What she and other activists were after was not just more funds for breast cancer research. They also wanted a voice in how those funds were spent: "We wanted to participate in the research dialogue," she said in a recent interview.

By the end of the decade, the advocacy movement had made definite progress in that direction. Advocates have won new seats on research planning and review groups, including the National Cancer Institute’s agenda-setting Progress Review Groups and the American Cancer Society’s grant application review committees.

In 1995, the Department of Defense cancer research programs began to include advocates as voting members of its review panels. The U.S. Food and Drug Administration brought advocates onto its cancer drug advisory committee in 1995 and made them voting members in 1998. In 2000, the Susan G. Komen Breast Cancer Research Foundation increased the number of advocates on its review panels from seven to 24 and started including advocate scores in the overall ratings of grant applications.

"Organizations are now reaching out to advocates as opposed to the advocates beating on the door," said Michael Katz of the International Myeloma Foundation. "There’s been an explosion of demand for advocates."

But that does not mean the challenges are over, according to advocates and researchers who met in September at NCI’s Cancer Advocates in Research workshop in Rockville, Md. In fact, one challenge stems directly from success. The movement has evolved, say leading advocates, to the point where it requires infrastructure—processes to guide and support lay people in the research organizations that are beginning to accept their presence.

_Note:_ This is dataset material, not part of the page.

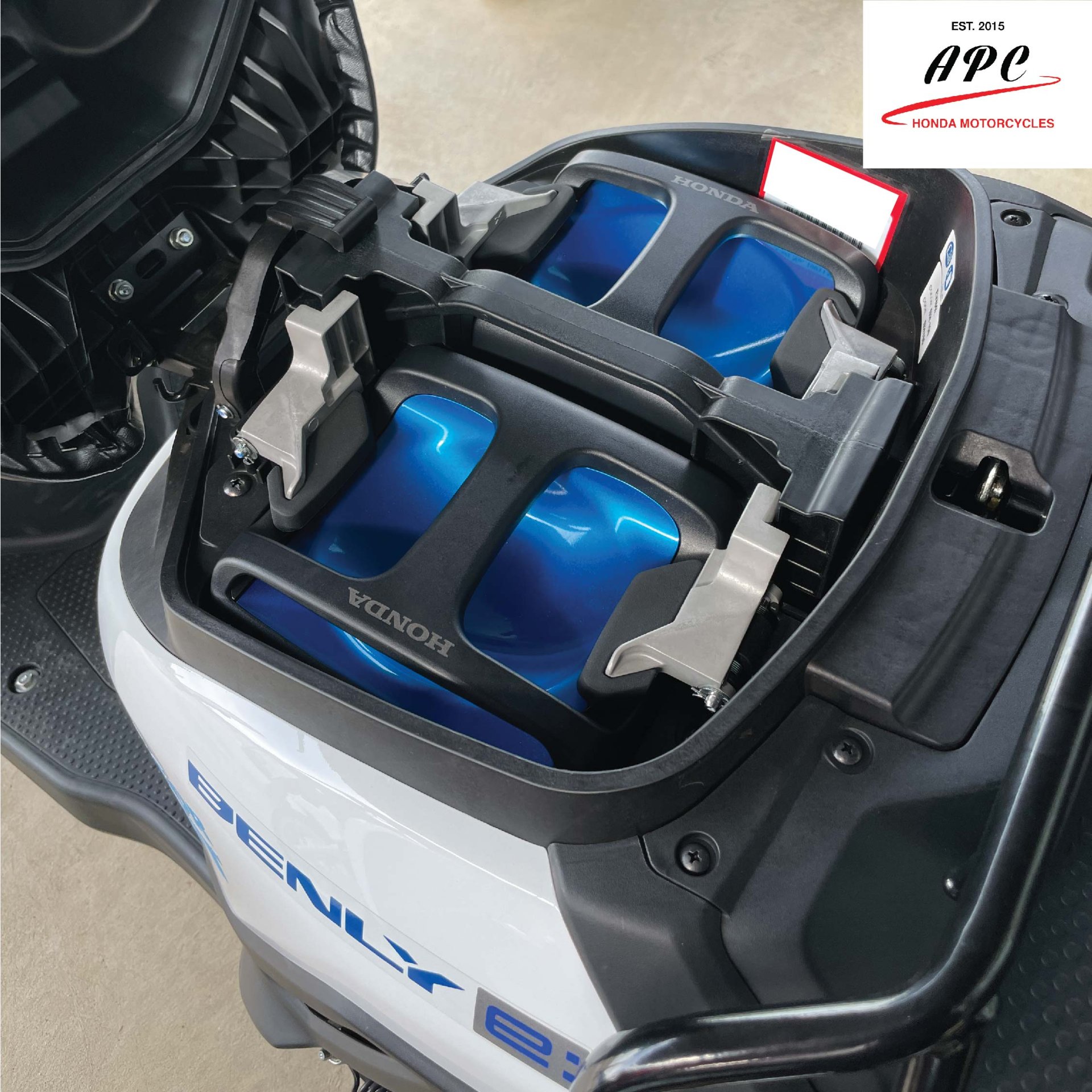 โดยแบตเตอรี่จะบรรจุอยู่ใน U-Box ใต้เบาะ การที่จะเปลี่ยนแบตเตอรี่นั้นก็สามารถทำได้ง่ายๆ โดยการดันสลักขึ้นหรือลงและดึงแบตเตอรี่ขึ้นเพื่อเปลี่ยน ฮอนด้าได้ใส่ออปชั่นเพิ่มเติมคือปลั๊กไฟที่สามารถดึงออกจากตัวรถเพื่อเสียบชาร์จกับไฟบ้านได้เลย (ไฟ 1 เฟส) ความรู้สึกในการขับขี่นั้นไม่ได้ต่างจากรถเครื่องยนต์มากนัก ใครที่กลัวว่าจะไม่ชอบรถไฟฟ้าอยากให้ไปลองดูก่อน ตัวรถเองให้ความรู้สึกที่ดี ทันสมัย ในส่วนของแรงบิดนั้นดีมากๆ การออกตัวที่พุ่งพร้อมที่จะแซงคันหน้าได้อย่างง่ายดาย เอาง่ายๆ ว่าขับสนุกเปิดคันเร่งปุ๊ป รถทะยานไปข้างหน้าทันที เบรกที่ให้มานั้นจะเป็น Disk Brake แบบ Combi Brake อีกหนึ่งอย่างที่เปลี่ยนไปอย่างชัดเจนคือเสียงรถที่เบาลง ไม่ถึงกับเงียบซะทีเดียวแต่ยังได้ยินเสียงมอเตอร์เบาๆ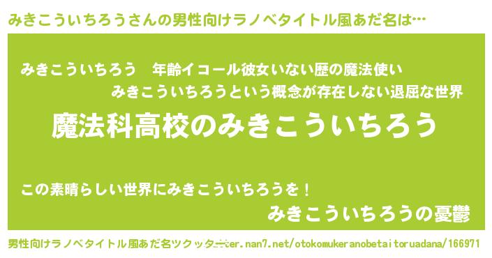 | 女子向けラノベタイトル風あだ名 | 『みきこういちろうアンティーク』 |

"Now that we’re winning seats at the table, the question is how to use these seats to best advantage," said Yvonne Andejeski, M.D., program director of NCI’s Liaison Activities, whose office organized the workshop.

Defining Roles

One of the most pressing needs, according to both advocates and researchers, is to clarify the roles and responsibilities of advocates in research organizations. This theme emerged clearly at the workshop as well as in a series of interviews that NCI conducted in early 2000 with both advocates and researchers at the institute.

"Over and over again, we heard that there was confusion and concern about advocate roles," said Andejeski, who is leading the effort to create an infrastructure for advocate participation at NCI. Dubbed CARRA, for Consumer Advocates in Research and Related Activities, the new system is now taking shape, based on the surveys and on recommendations that emerged from the September workshop.

Much of the discussion at this meeting focused on the issue of roles: Should advocates try to evaluate the design of a clinical trial in a grant application? Are they expected to make judgments on the methodology of a proposed laboratory study? The answer from many advocates is that their principal role on research committees is not to assess the science directly—though some do—but to contribute a patient’s, family member’s, or research participant’s perspective.

That perspective can make a difference in several ways. It can, for instance, remind scientists that proposed research has to have relevance for cancer, said David Ringer, a program director at ACS. "Even though it’s great science, it may not have a clear path to an outcome relevant to cancer patients."

ACS asks its stakeholders, as it calls the patient advocates on its review panels, to ensure that a full discussion of cancer relevance is part of each grant review. This includes basic science studies, which, Ringer emphasized, can meet this standard as well as clinical studies.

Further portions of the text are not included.